== MATERIAL SUPPLIED
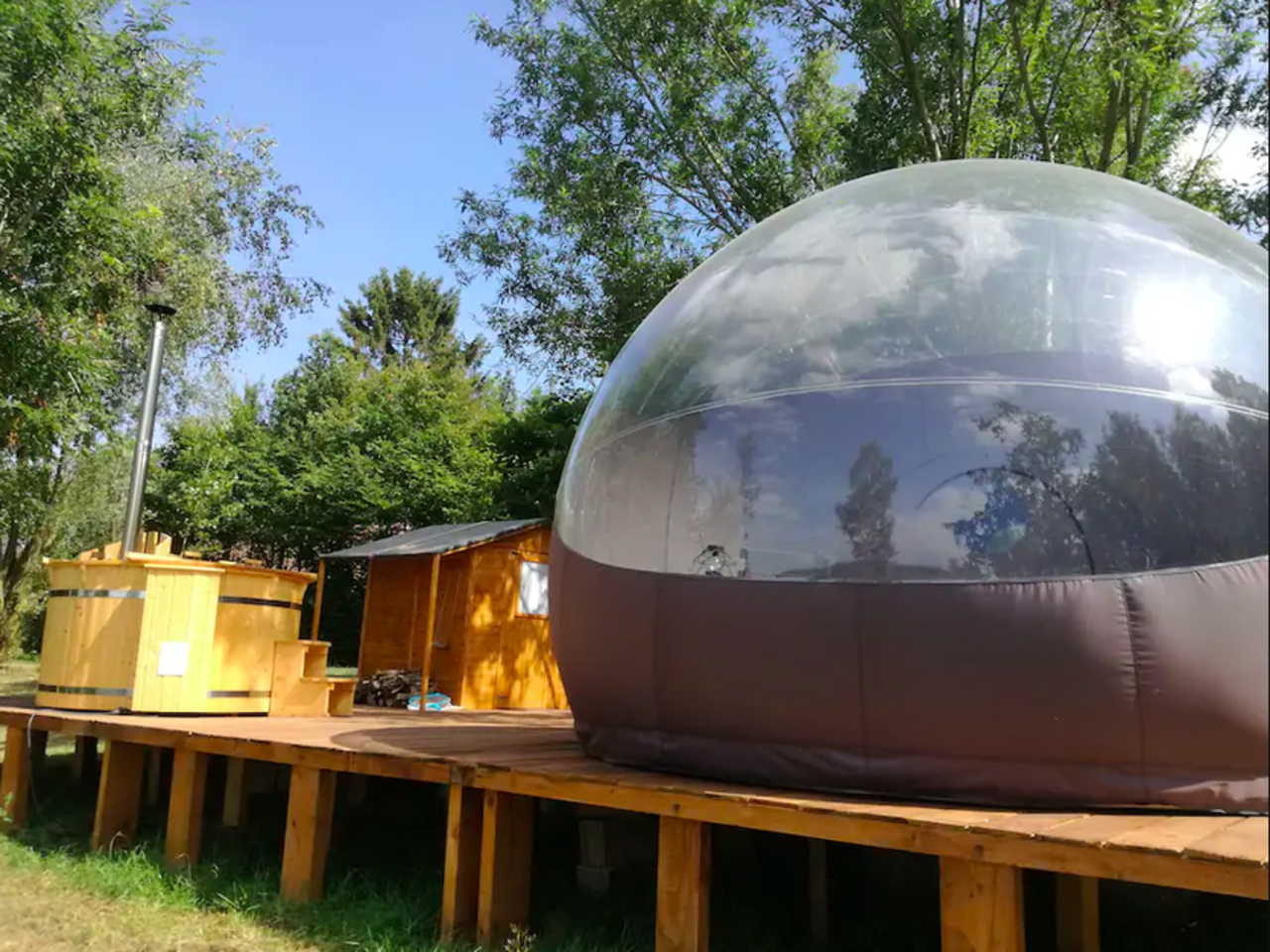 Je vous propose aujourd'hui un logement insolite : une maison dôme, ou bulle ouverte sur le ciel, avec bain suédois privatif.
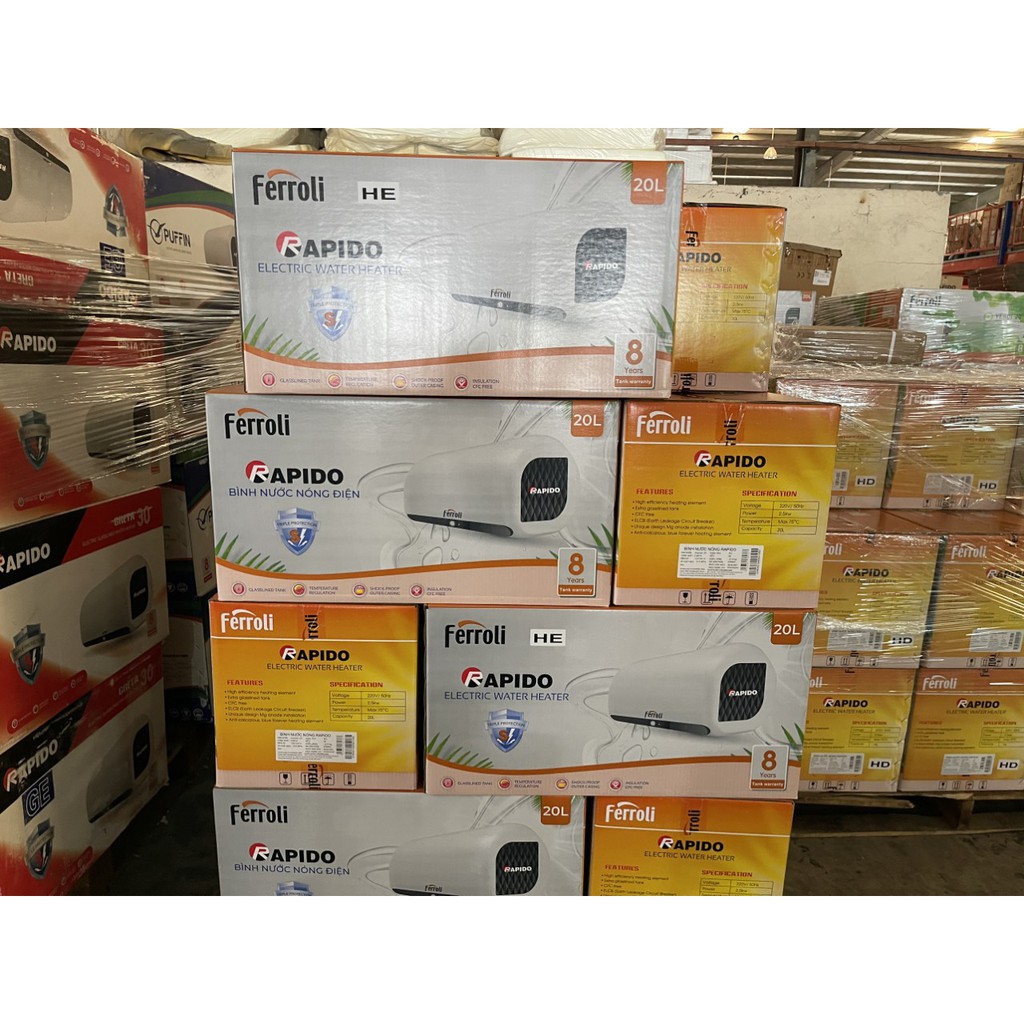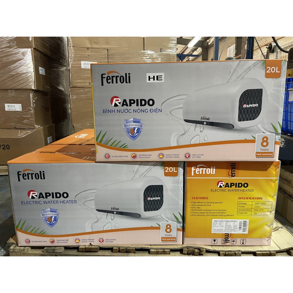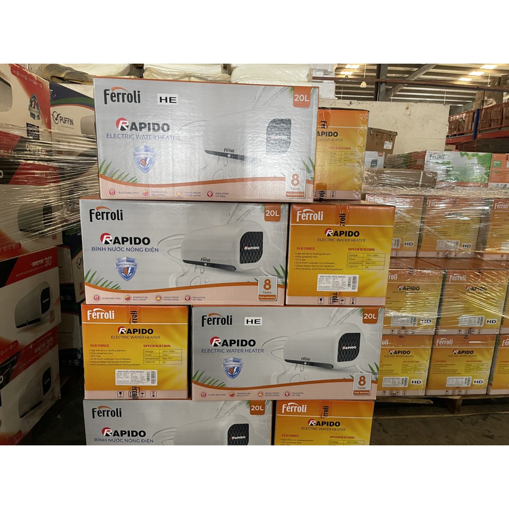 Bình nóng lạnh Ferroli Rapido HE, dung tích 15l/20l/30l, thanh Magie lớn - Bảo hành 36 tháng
====
== MATERIAL SUPPLIED
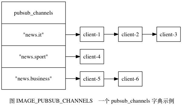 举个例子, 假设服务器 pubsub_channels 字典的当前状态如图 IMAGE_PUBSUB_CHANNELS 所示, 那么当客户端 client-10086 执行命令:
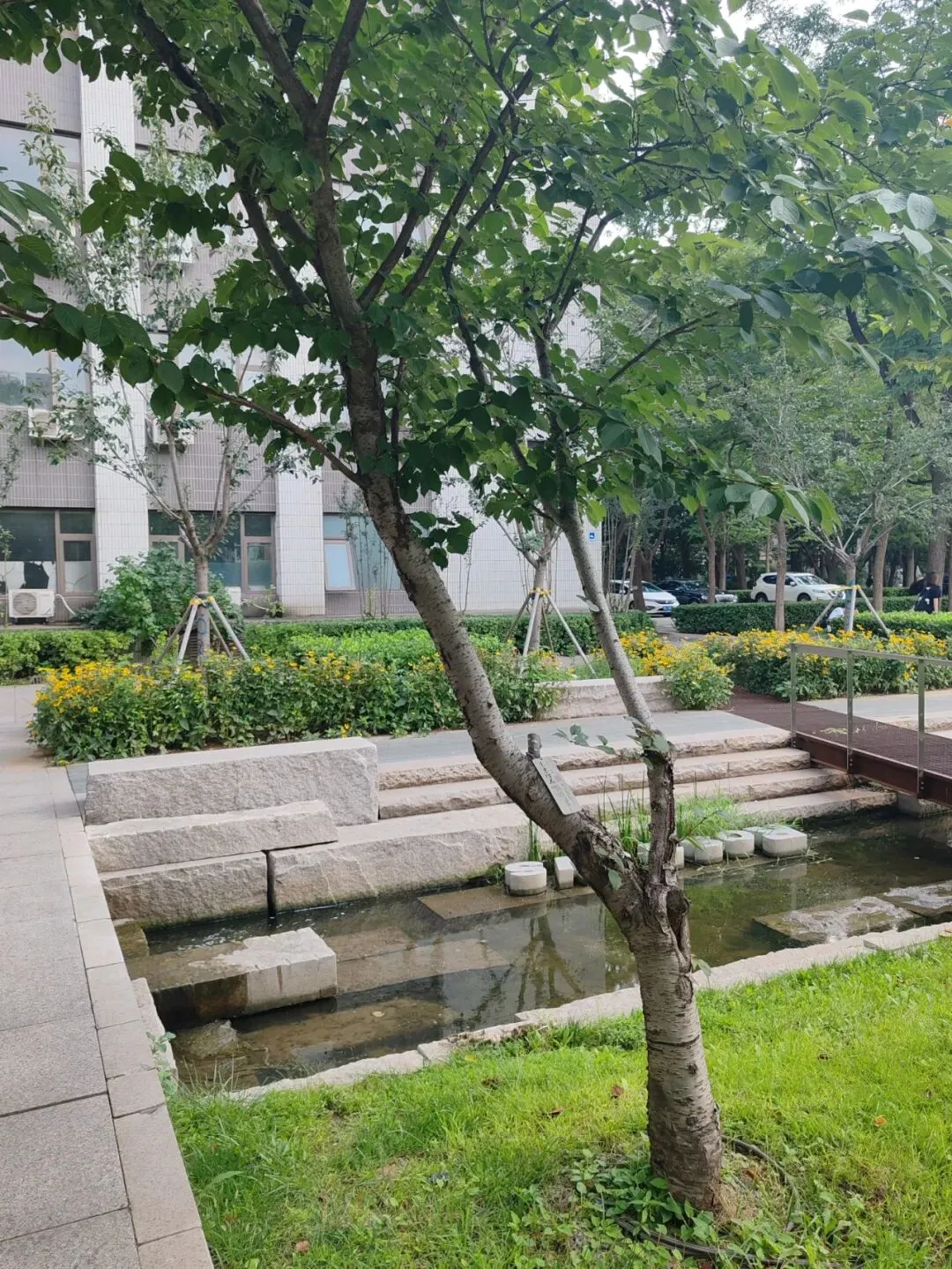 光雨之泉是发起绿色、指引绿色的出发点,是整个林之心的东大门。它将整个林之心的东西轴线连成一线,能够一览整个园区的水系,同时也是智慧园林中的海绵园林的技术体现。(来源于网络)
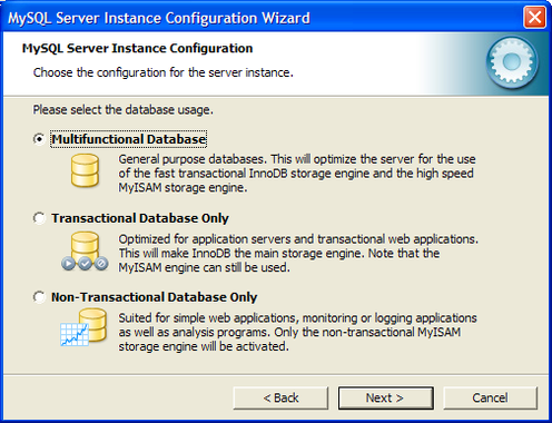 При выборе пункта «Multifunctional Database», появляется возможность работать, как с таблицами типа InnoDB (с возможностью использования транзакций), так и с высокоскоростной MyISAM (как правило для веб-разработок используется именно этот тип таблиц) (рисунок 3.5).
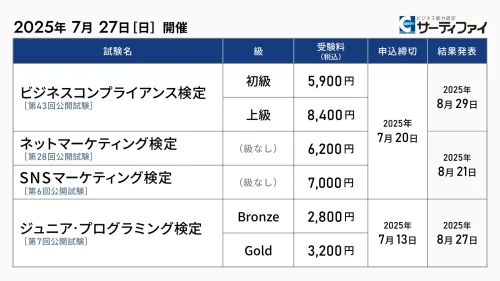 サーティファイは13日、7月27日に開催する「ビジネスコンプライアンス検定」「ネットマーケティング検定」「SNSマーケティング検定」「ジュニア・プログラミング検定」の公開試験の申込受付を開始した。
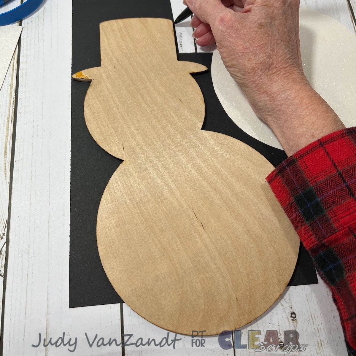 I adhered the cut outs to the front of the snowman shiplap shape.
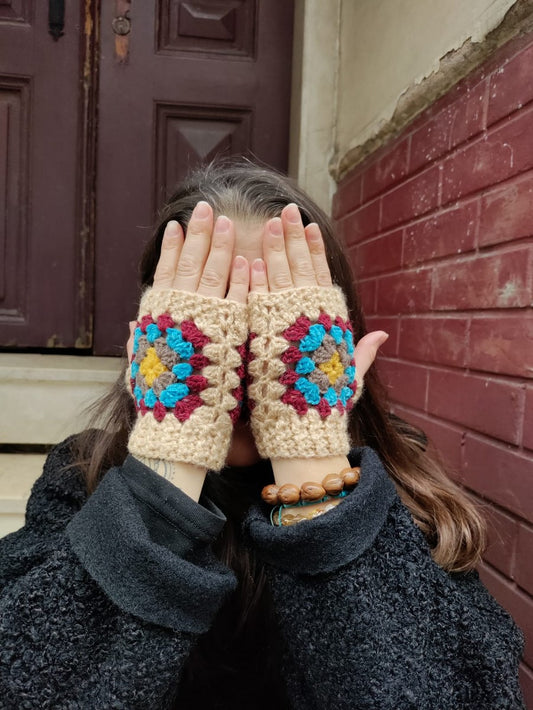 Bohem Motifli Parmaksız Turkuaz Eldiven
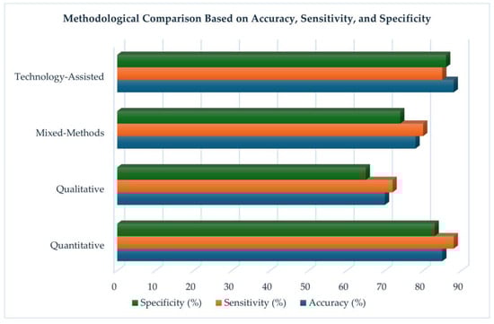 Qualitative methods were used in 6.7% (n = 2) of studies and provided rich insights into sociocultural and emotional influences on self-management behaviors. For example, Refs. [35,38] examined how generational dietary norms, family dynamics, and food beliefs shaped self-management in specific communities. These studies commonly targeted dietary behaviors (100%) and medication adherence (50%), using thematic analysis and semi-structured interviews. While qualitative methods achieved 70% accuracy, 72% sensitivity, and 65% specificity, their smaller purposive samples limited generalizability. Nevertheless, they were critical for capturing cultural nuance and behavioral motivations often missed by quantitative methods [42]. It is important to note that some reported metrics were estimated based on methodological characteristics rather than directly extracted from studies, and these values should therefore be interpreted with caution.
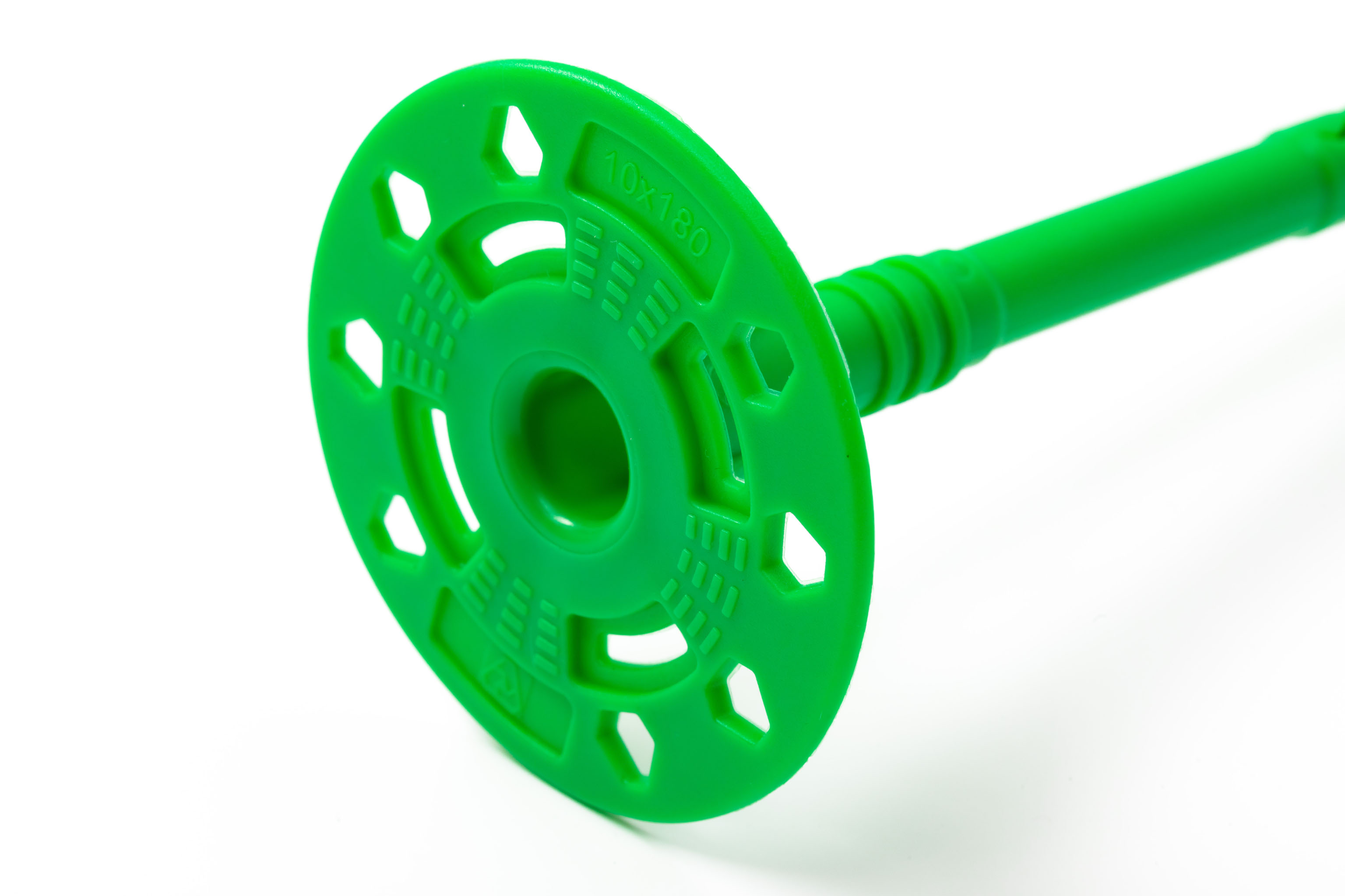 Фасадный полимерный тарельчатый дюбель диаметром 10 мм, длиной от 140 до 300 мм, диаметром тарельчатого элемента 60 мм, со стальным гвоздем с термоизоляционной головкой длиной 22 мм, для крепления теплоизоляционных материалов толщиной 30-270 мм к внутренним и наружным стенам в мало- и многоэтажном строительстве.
====
Going back to the data above, write out everything from the line with "举个例子, 假设服务器 pubsub_channels" down to the line with "光雨之泉是发起绿色、指引绿色", both included, leaving every picture out.

# OUTPUT:
 举个例子, 假设服务器 pubsub_channels 字典的当前状态如图 IMAGE_PUBSUB_CHANNELS 所示, 那么当客户端 client-10086 执行命令:
 光雨之泉是发起绿色、指引绿色的出发点,是整个林之心的东大门。它将整个林之心的东西轴线连成一线,能够一览整个园区的水系,同时也是智慧园林中的海绵园林的技术体现。(来源于网络)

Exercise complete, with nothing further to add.